Thanks for the reply and for all the effort! It's clear now

 

[SneaKSz]

Hi again,

Im having a difficulty now wit the series and parallel circuitry :


the impedance of R10 in parallel with C5 =

Z=1/Y=1/(√((1/R10²)+(1/Xc5²)))=2201ohm
then I just add the series resistance and don't reach the simulated value ( Ztot=2.61K).

Do i need to use another approach to get the impedance of this circuit?

like Ztot =( R10*1/(jXc5))/(R10+(1/jXc5)) + R1 = R10/(jXc5*R10+1)+R1=
(R10+R1*(jXc5*R10+1))/(jXc5*R10+1) and get a form like Z\=a+j.b and then use the Z=√a²+b² ?

That a lot of work!

Could someone tell me which approach I should use?

Kind regards

 

[MrAl]

Hi,

The impedance of the parallel cap and resistor is not a single quantity like 2200 ohms, but is a complex quantity like a+b*j where a is the real part and b is the imaginary part of this complex number. You have to work out this value for your circuit first and get the values right.
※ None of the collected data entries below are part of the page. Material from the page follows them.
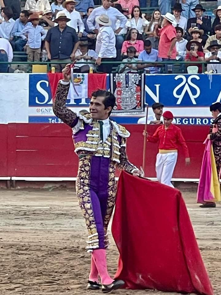 Andrés Roca Rey (Lila y azabache) la Máxima figura del toreo mundial regresaba a la plaza con el toro “Consagrado” con quien inició la lidia de una manera aún tanto arrebatada por el lado izquierdo. Poco a poco lo fue metiendo a su muleta principalmente por el pitón izquierdo que donde el toro respondía mejor. A fuerza de poder en su muleta logró someterlo. Haciendo una faena de mucho mérito cuajando al toro de manera magistral.
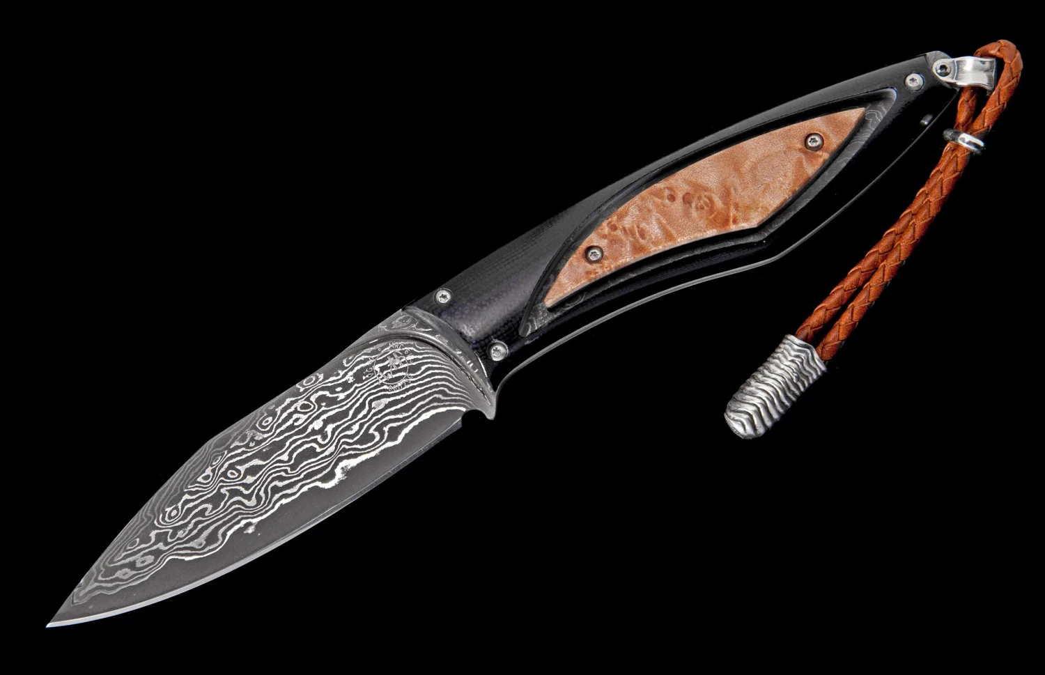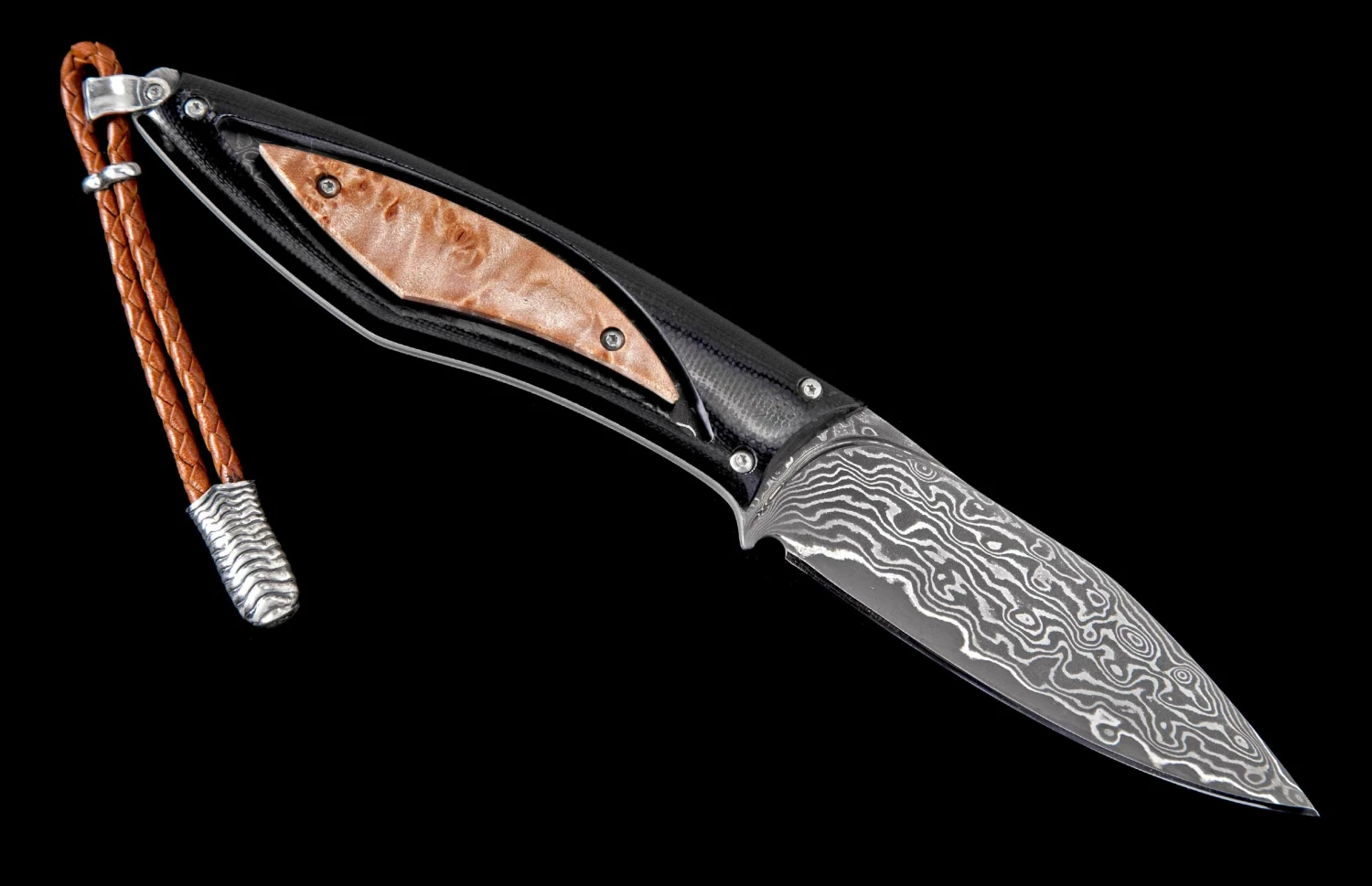 At William Henry, we love exotic woods. They are gorgeous, dynamic, unpredictable, and inspiring. The Burl features our resin-stabilized American maple burl, with bold pattern and nuanced chatoyance that captivates the eye. The burl is inset and framed by a black G10 composite handle, tough and comfortable. Fully polished by hand, assembled and dissembled multiple times, this architecture has an open channel to see thru to the damascus tang. The blade/tang are forged from 67 layers of three alloys, with a core of VG-10 at HRC 60 for optimal sharpness and wear resistance. Finished with a leather lanyard, sterling silver accents, and includes a sturdy brown leather sheath.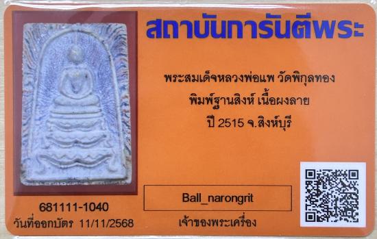 พระสมเด็จหลวงพ่อแพ วัดพิกุลทอง พิมพ์ฐานสิงห์ เนื้อผงลาย ปี 2515 จ.สิงห์บุรี |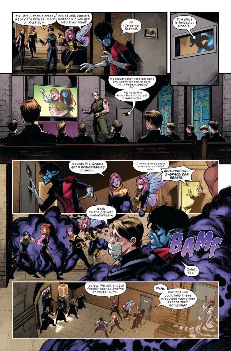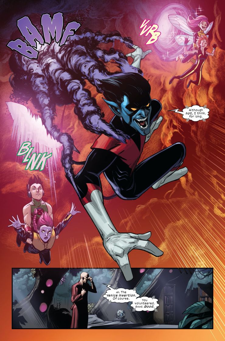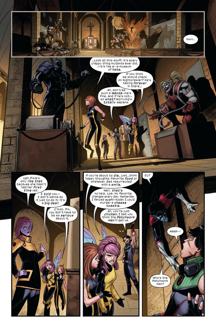 La vista previa comienza con el Profesor X revisando a Nightcrawler, que se encuentra en Venecia llevando a cabo una peligrosa misión con un equipo de mutantes, incluido Pixie. El equipo llega a su destino, y mientras investigan, uno de ellos se refiere a otro como un “Wanda” – una excavación en la Bruja Escarlata. Los mutantes sienten que preocuparse es una cosa humana y ellos equiparan ser resucitado con perder la virginidad. términos como “la primera vez”. Incluso tienen su propio hombre del saco: el Hombre Patchwork.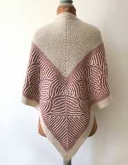 Это треугольная шаль, которая начинается с одноцветного платочного язычка, в верхней части горловины, прибавляя петли по сторонам и в середине по всей её ширине. А второй цвет добавляется для двухцветной полосы платочного вязания, которая переходи в двухцветную бриошь. Двухцветная бриошь переходит в спиральный узор, который формируется путём убавок и прибавок 4 петель. После завершения спирального узора, возвращаемся к двухцветной бриоши, двухцветной полосе платочным вязанием и заканчивается одноцветным платочным вязанием.
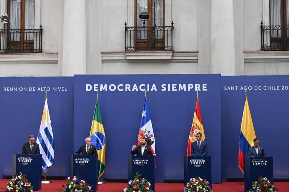 O presidente Luiz Inácio Lula da Silva afirmou, na segunda-feira (21), em encontro com líderes de esquerda da América do Sul e da Espanha, no Chile, que nações defensoras da democracia devem agir contra o “extremismo que tenta reeditar práticas intervencionistas”. A declaração é uma referência indireta à guerra tarifária e às sanções contra ministros do Supremo Tribunal Federal (STF) impostas pelo governo Donald Trump ao Brasil. Participaram da reunião o primeiro-ministro espanhol, Pedro Sánchez, e os presidentes do Chile, Gabriel Boric, do Uruguai, Yamandú Orsi, e da Colômbia, Gustavo Petro.

Try again and see if you can do it.

Other examples of complex quantities:
2.34+5.738*j
1+3*j
1298-0.00234*j
-34.5+7*j
-2.765-0.194*j
Note there is always a 'real' part and an 'imaginary' part.
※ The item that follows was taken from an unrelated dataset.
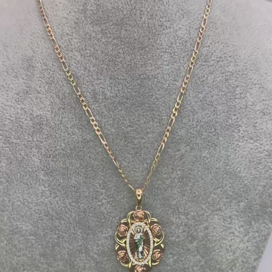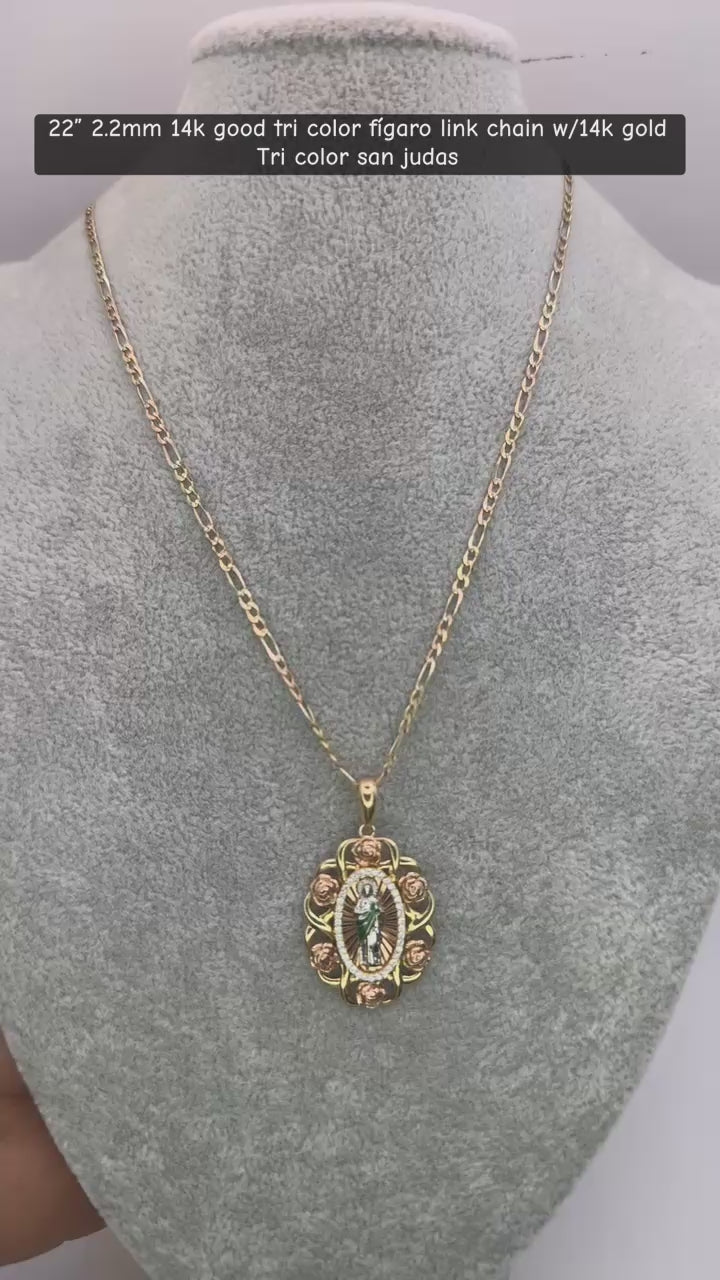 22" 2.2mm 14k good tri color figaro link chain w/14k gold Tri color san judas

The parallel combination of a cap and resistor will be a complex quantity like this.

The reactance usually denonted with an upper case X is not the same as the impedance. The reactance is a single number like 2200 but we really should use the impedance instead of the reactance.
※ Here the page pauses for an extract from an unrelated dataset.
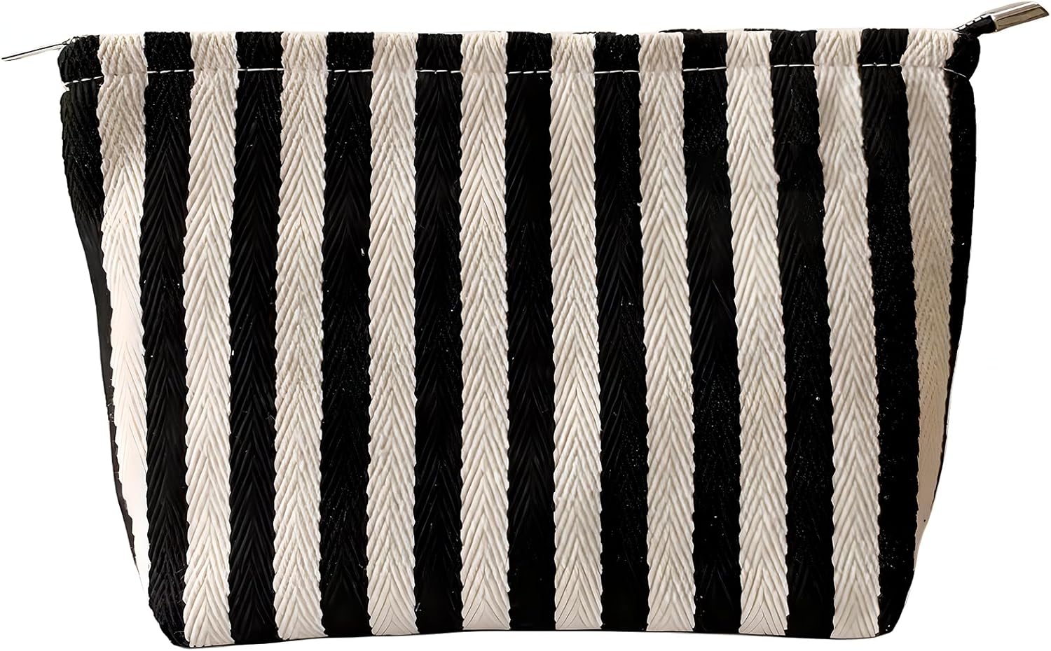 - Durable & Lightweight Canvas Makeup Bag– Made with tightly woven striped canvas that is both light to carry and built to last, perfect for everyday use or travel.

Once you have the impedance you can add the other resistor to it because it is in series with that impedance, but you can not add the other resistor value to the reactance.

These kinds of circuit require the handling of complex numbers. If we had several resistors in parallel with several capacitors we would have to compute a complex value for each and every one of these sets before we can start to add them together. Sometimes it gets even more interesting when those complex impedances are also in parallel with each other, where we can not simply add them but must compute them as they are in parallel:
Series:
Zser=Z1+Z2
Parallel:
Zpar=Z1*Z2/(Z1+Z2)

I can assure you this gets easier once you do a few of them and get the hang of it. The only difference is that instead of working with single numbers (as for resistor arrays) we have to work with complex numbers.

 

[SneaKSz]

Hello,

I've got it know I think :

Yt\=1/R10+j/2257.55 = 0.0001+j4.4296*10^-4= 4.5411*10^-4<-77.28°
Zt\=1/Yt\= 1<0° / 4.5411*10^-4<-77.28° = 2202<+77.27°

take R1 into account : Zt = 2202<+77.27° + 10k<0° = 485.24+ j 2148.87 + 10K + 0j = 1485.24+j2148.87 => Z circuit = 2611<-55°

Finally got it !

 

[Jony130]

Here you can read about some trick you can use
https://www.electro-tech-online.com/custompdfs/2011/08/ztheorems.pdf
https://www.electro-tech-online.com/custompdfs/2011/08/bode.pdf

 

[MrAl]

Hello,

I've got it know I think :

Yt\=1/R10+j/2257.55 = 0.0001+j4.4296*10^-4= 4.5411*10^-4<-77.28°
Zt\=1/Yt\= 1<0° / 4.5411*10^-4<-77.28° = 2202<+77.27°

take R1 into account : Zt = 2202<+77.27° + 10k<0° = 485.24+ j 2148.87 + 10K + 0j = 1485.24+j2148.87 => Z circuit = 2611<-55°

Finally got it !

Hi,

Looks like you got it. More exactly 2611.34 at -55.34 degrees.